··· Provided records

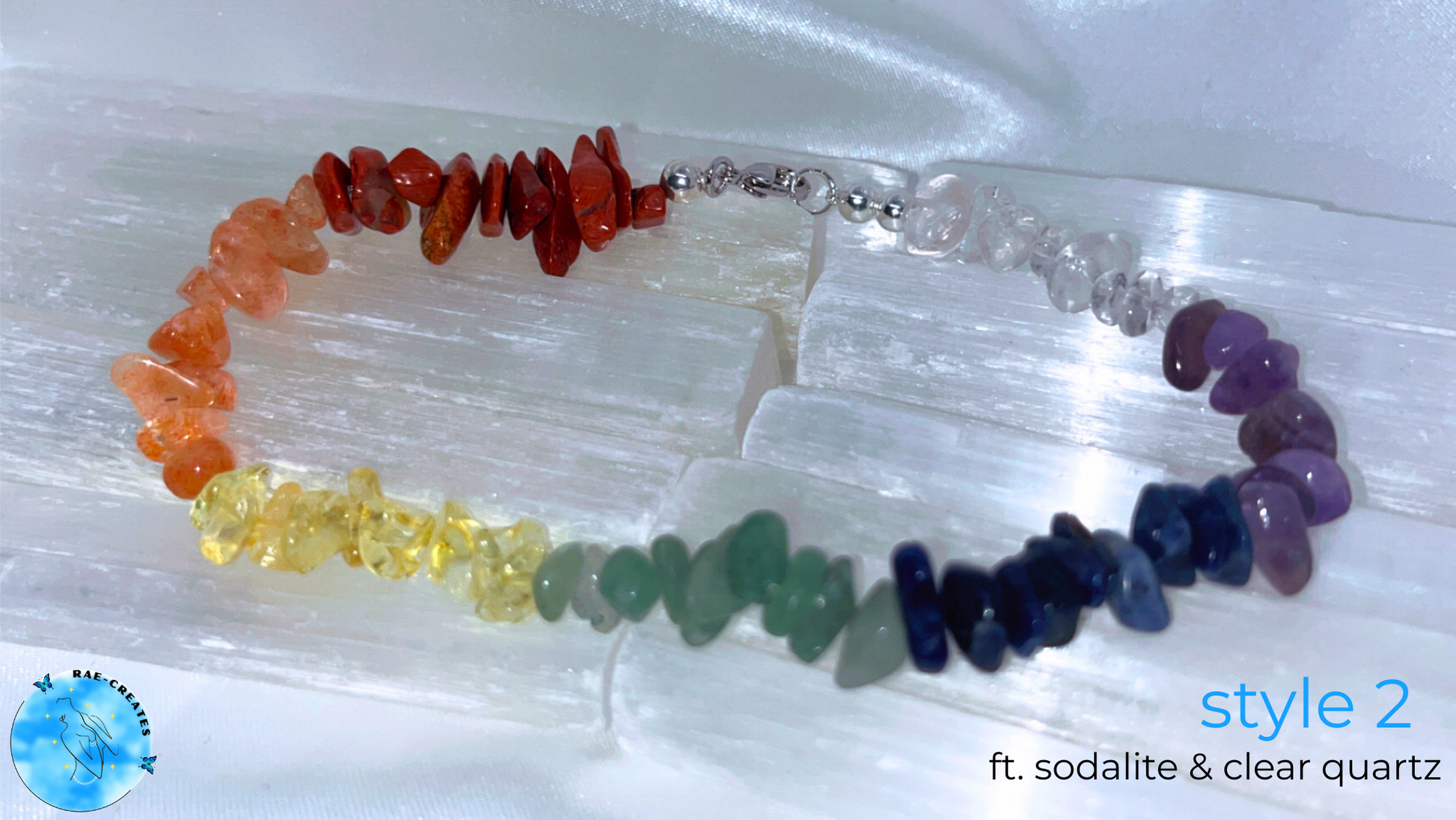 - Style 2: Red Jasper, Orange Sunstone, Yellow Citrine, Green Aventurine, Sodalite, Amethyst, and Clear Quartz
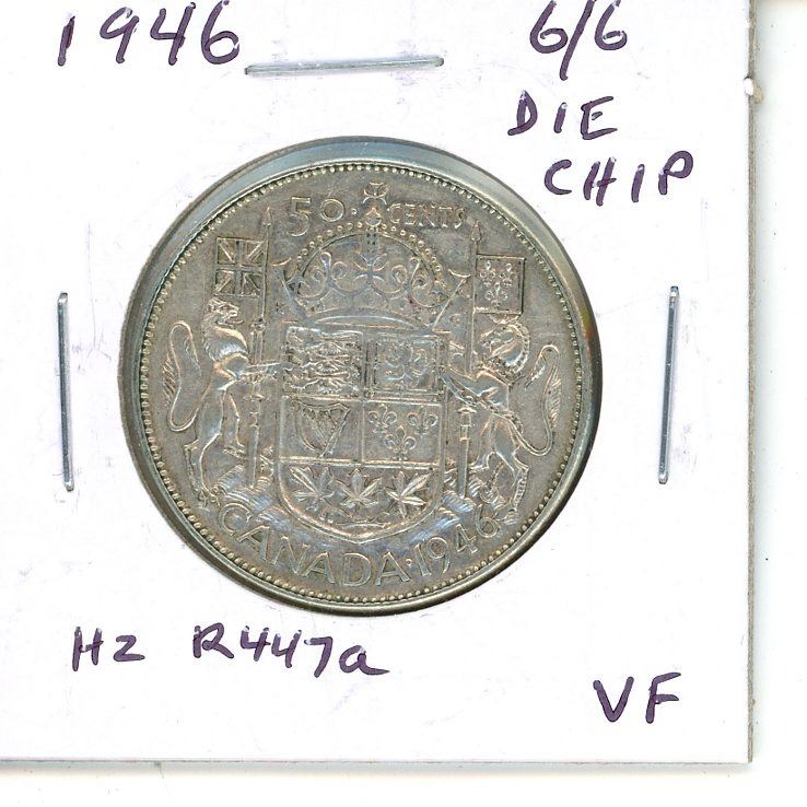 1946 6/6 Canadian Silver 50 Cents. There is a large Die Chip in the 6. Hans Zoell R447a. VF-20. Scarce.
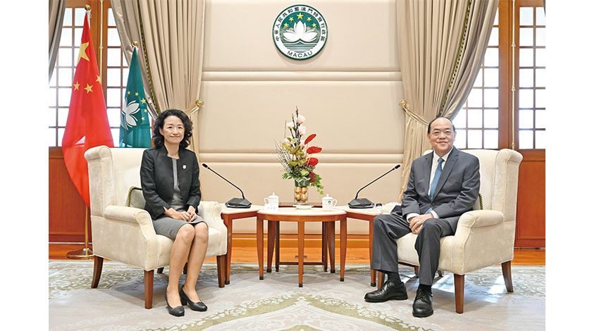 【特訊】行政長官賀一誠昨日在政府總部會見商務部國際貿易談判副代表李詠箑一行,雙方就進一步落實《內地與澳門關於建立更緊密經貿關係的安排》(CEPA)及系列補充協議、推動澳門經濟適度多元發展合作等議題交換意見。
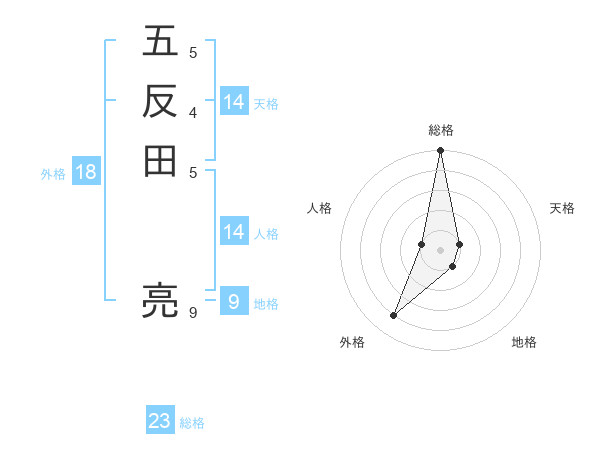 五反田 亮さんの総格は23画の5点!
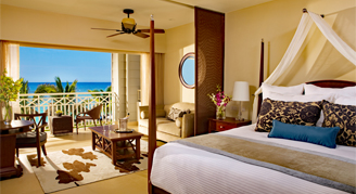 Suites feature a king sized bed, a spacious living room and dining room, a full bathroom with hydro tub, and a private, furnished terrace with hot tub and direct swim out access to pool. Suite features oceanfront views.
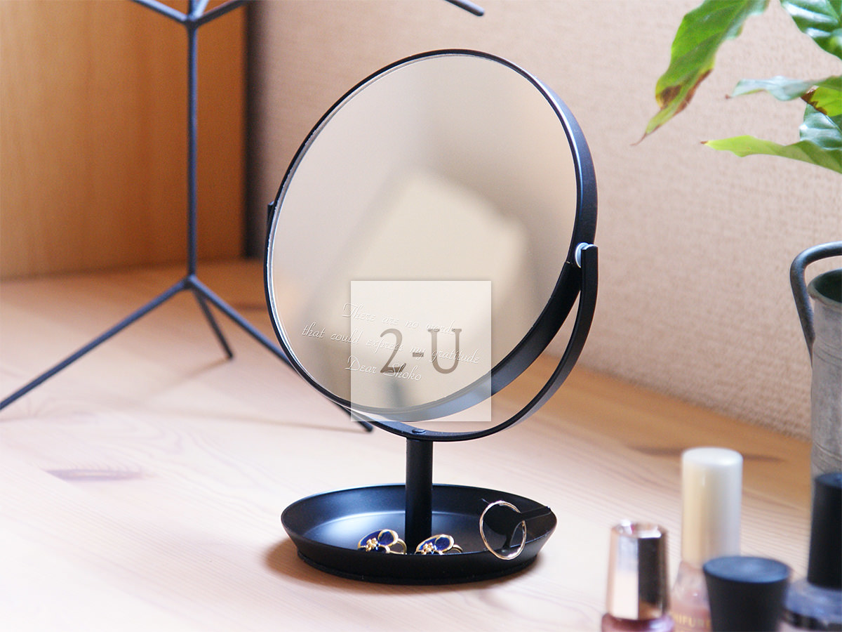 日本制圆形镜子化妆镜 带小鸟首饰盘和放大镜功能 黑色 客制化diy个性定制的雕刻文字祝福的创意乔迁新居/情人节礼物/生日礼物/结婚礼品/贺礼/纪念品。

······
··· Provided records

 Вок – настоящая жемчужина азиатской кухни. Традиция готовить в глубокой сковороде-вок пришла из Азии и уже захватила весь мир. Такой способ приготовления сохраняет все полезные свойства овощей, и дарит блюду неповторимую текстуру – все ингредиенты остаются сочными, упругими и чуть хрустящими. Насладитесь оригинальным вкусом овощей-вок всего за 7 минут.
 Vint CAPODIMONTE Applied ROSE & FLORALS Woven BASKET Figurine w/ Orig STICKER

······

## Aim of the exercise
Nothing except the lines from the one containing "- Style 2: Red" through the one containing "五反田 亮さんの総格は23画の5点!" should appear in the answer, exactly as above and without pictures.

## Answer section
 - Style 2: Red Jasper, Orange Sunstone, Yellow Citrine, Green Aventurine, Sodalite, Amethyst, and Clear Quartz
 1946 6/6 Canadian Silver 50 Cents. There is a large Die Chip in the 6. Hans Zoell R447a. VF-20. Scarce.
 【特訊】行政長官賀一誠昨日在政府總部會見商務部國際貿易談判副代表李詠箑一行,雙方就進一步落實《內地與澳門關於建立更緊密經貿關係的安排》(CEPA)及系列補充協議、推動澳門經濟適度多元發展合作等議題交換意見。
 五反田 亮さんの総格は23画の5点!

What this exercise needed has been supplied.